Whether there is a substantial correlation between alterations in the GABRB3 gene and lower seizure threshold is an actively debated topic in the era of epilepsy epigenetics. The spectrum of possibly linked epilepsy syndromes is expanding, from more benign syndromes like childhood absence epilepsy to epileptic spasms and Lennox Gastaut syndrome. Recent studies suggested that impaired receptor localization to synapses is a common pathophysiological mechanism for GABRB3 mutations, although the extent of impairment may be different among mutant subunits, leading to variable epilepsy-related phenotypes.[20,21] GABRB3 mutations were also noted in children with unclassified epilepsy along with other genetic alterations after more utilization of epilepsy genetic panel testing.

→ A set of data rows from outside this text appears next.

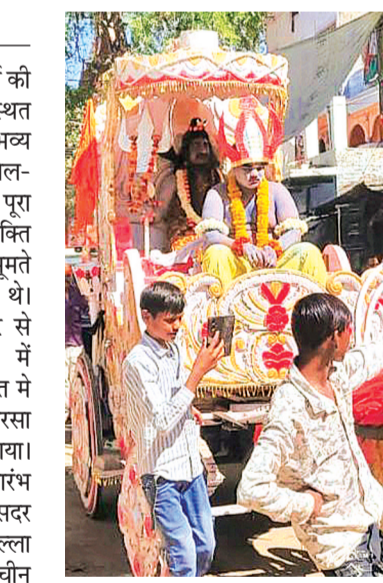
मंदिर में महादेव की महाआरती की गई तत्पश्चात श्रद्धालुओं को प्रसाद वितरण किया गया।

महाशिवरात्रि के अवसर पर नगर में प्रतिवर्ष की भांति इस वर्ष भी रविवार को कुंड मोहल्ला स्थित प्राचीन शिव मंदिर से भगवान शिव जी भव्य बारात निकाली गई। बारात में डीजे, ढोल-तागा और बम-बम लहरो के जयघोष से पूरा नगर गुंजायमान होता रहा। श्रद्धालु शिवभक्तों में सराबोर होकर महादेव के भजनों पर- झूमते हुए शोभायात्रा में नाचते गाते हुए चल रहे थे। स्थानीय कुंड मोहल्ला प्राचीन शिव मंदिर से भगवान देवादिदेव महादेव को बग्गी में विराजमान कर बारात निकाली जिसमे बारात में शामिल श्रद्धालुओं का जगह-जगह पुष्प बरसा कर व जलपान करा कर स्वागत किया गया। शिव बारात सुबह 11 बजे कुंड मोहल्ला से प्रारंभ होकर नगर के प्रमुख मार्ग कुंजड़ा मोहल्ला, सदर बाजार, कृष्णा चैराह, पंडा पुरा खड़िया मोहल्ला होते हुए बापिसा स्थानीय कुंड मोहल्ला प्राचीन शिव मंदिर पहुंची, जहां शिवजी की बारात का समापन किया गया। समापन के दौरान शिव
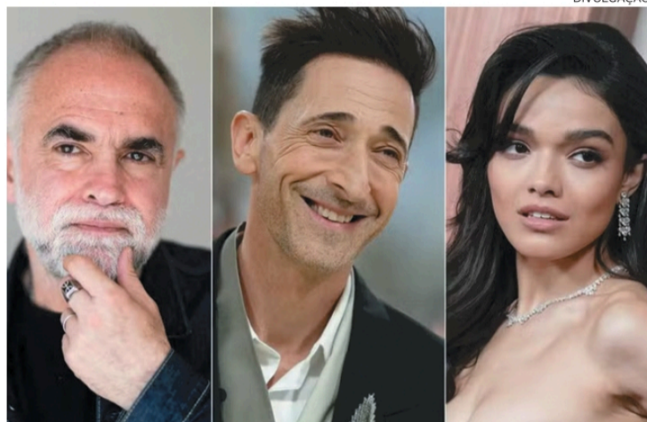
Karim Ainouz vai dirigir os atores no filme Last Dance , que adapta um artigo de revista New Yorker

Na trama, pai e filha embarcam em uma viagem pelo Caribe em um cruzeiro gay. Única pessoa heterossexual a bordo, Emma acaba tendo
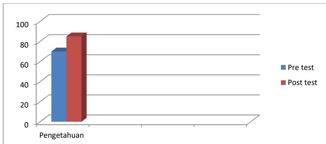
Diagram tingkat pengetahuan

Setelah dilakukan pre test kegiatan selanjutnya adalah menyampaikan materi penkes. Peserta penkes tampak konsentrasi, aktif dan tidak meninggalkan ruangan selama kegiatan penkes berlangsung.
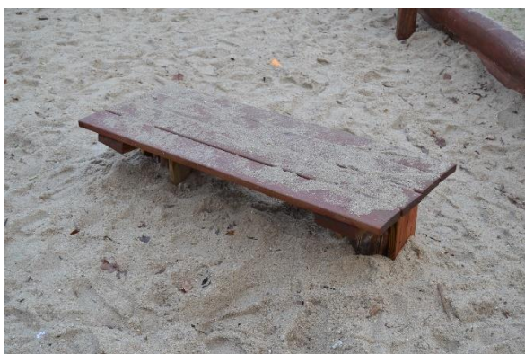
Redskab: Legebord Årgang: Producent: Er redskabet mærket: Nej Emne 15: Er der registreret fejl / mangler: Ja
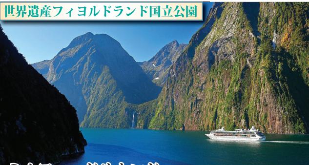
ミルフォードサウンド 氷河によって削られた断崖絶壁の山々と碧く輝く水面が織り成す絶景をお楽しみ下さい。クルーズ船に乗れば、切り立つ岸壁を流れる幾筋の滝や、蒼鬱と茂った多雨林などを至近距離から見る事が出来るのです。
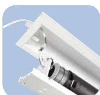
Mecanismo de fijación en la carcasa
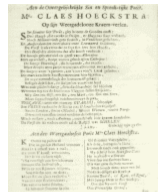
Een van de Spottedichten uit de 'Tweede druk' (ill. Tresoor, Leeuwarden). Hogere resolutie .

[...] nijemant zal zijn Rym verlengen of' verkorten, Maar laten 't staan, als 't gaat met horten en met storten,
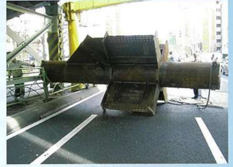
万世橋ガード 中央通り
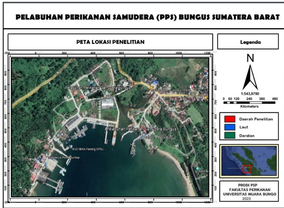
Gambar 1. Peta Lokasi Penelitian (Google Maps)

Teknik pengumpulan data dilakukan dengan dua cara yaitu primer dan sekunder, secara rinci sebagai berikut:
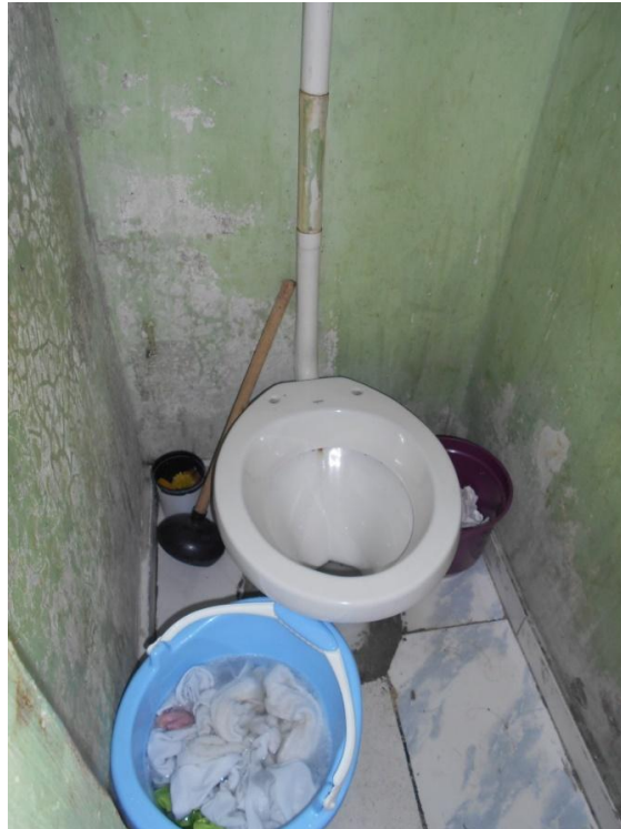
Foto 16. Vaso da unidade, sem a tampa e assento. Balde cm roupas de molho.
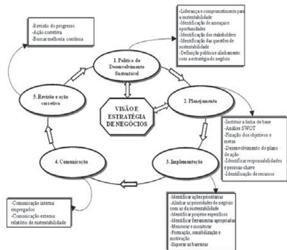
Figura 1: Sistema de gestão da sustentabilidade organizacional

liderança. Bem por isso há a necessidade de facilitar a convergência e a padronização de abordagens para a sua gestão, demonstrada por meio de um framework , apresentado na Figura 1. Segundo o autor, uma abordagem integrativa de gestão da SO pode alavancar inúmeras oportunidades para aprimorar a competitividade proporcionando soluções de valor agregado, e potencializar a reputação empresarial.
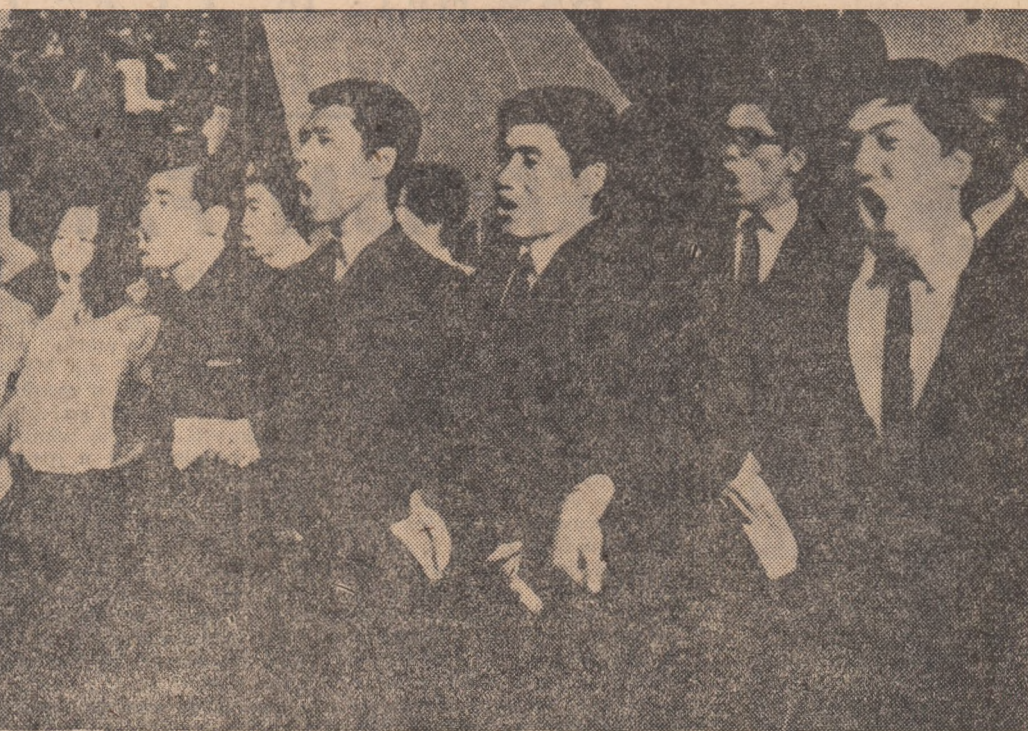
Tineri din Tokio în timpul unei demonstrații împotriva „tratatului de securitate” japono-american.
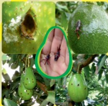
PICUDO GRANDE DEL AGUACATE Heilipus lauri
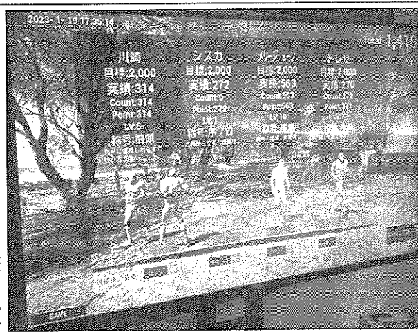
開発中の「リアルフォーカス」画面

【南大阪】日昌電気制御（大阪府泉佐野市、神藤昌平社長）は、3次元アニメーションによるゲームのような演出で、現場の生産性向上につなげる可視化システム「RealF ocus（リアルフォーカス）」の展開を始める。第1弾として、繰り返し作業の進捗 状況を可視化して、作業者同士に競わせるシステムを完成、23日に発売する。2023年 度に付帯工事費を含め、1億円の売り上げを狙う。 発売するシステムは タイムで実績データを 作業の進捗に合わせて 作業者に、繰り返し作 取得し、ゲーム演出を 動き、成長していく姿 業を飽きさせず、モチ 用いて可視化。本体価 を表示する。一部デー ーション高く続けて 格は税抜き110万円 からの想定する。 専用のディスプレイ 業環境、目的に応じて 設定が可能。同一画面 エビックゲームスから
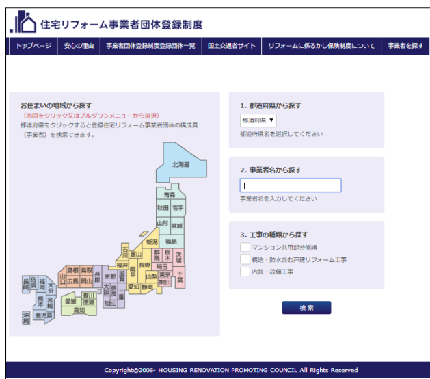
〈検索サイトトップページ〉

◆サイトの URL : http://www.j-reform.com/reform-dantai/kensaku.php
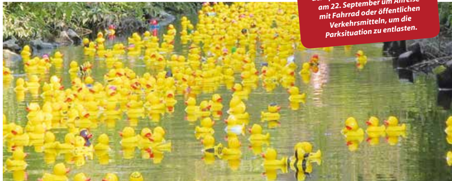
Das traditionelle Entenrennen des Rotary Clubs Kamen darf beim Stadtfestes Kamen am 22. September natürlich nicht fehlen.

HINWEIS: Die Organisatoren bitten aufgrund der Sperrungen in der Innenstadt am 22. September um Anreise mit Fahrrad oder öffentlichen Verkehrsmitteln, um die Parksituation zu entlasten.
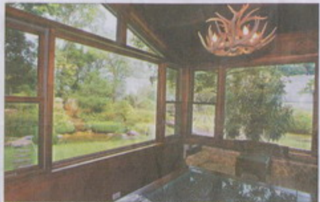
C棟一樓是農莊主人特別為母親打造，大面積的餐廳視野極佳，桌子上方是用魚角拱起來的燈具。

燒萬百瓶連的DVD收藏室，沿著樓梯上樓，書房挑高近十米，層層疊疊，裝潢得比誠品書店還有書香味。
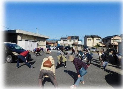
ケガのないよう準備運動
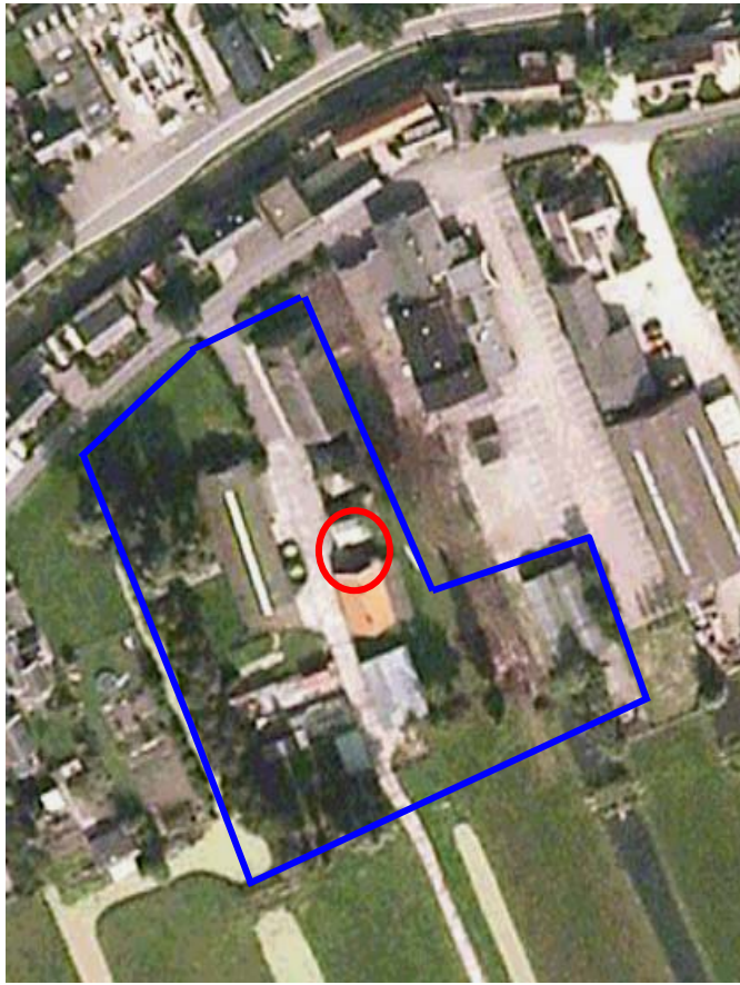
Afbeelding 1: Het onderzoeksgebied Locatie Cabauw, blauw omkaderd. Rood omcirkeld wordt aangegeven waar de verblijfplaats van de dwergvleermuis en grootorvleermuizen is aangetroffen.

No specific seizure classification has been described, thus emphasizing the role of genetic heterogeneity. Whether GABRB3 mutations can result in more severe phenotype and refractory epilepsy is not yet known. Our third reported patient is running a super refractory epilepsy clinical course and is currently under evaluation for possible epilepsy surgery consideration. Our patient had non-convulsive status epilepticus upon presentation, which has not been reported in patients with GABRB3 alterations. A recent review of the genetics of pediatric intractable epilepsy did not consider GABRB3 among the genetic mutations which are known to be associated with difficult-to-treat epilepsy.[22]

Conclusion

GABAA receptor β3 subunits are widely expressed in the developing brain. Mutations in GABRB3 gene appear to have a wide spectrum of clinical implications. We believe our three reported cases will add to the available knowledge about variations across both genotype and phenotype spectrum. More reports of this type will ultimately improve our understanding of how these genetic alterations are being translated into clinical manifestations for a wide range of neurological disorders, particularly in the era of improved access and evolution of available genetic testing techniques and the whole future of precision-based medical care.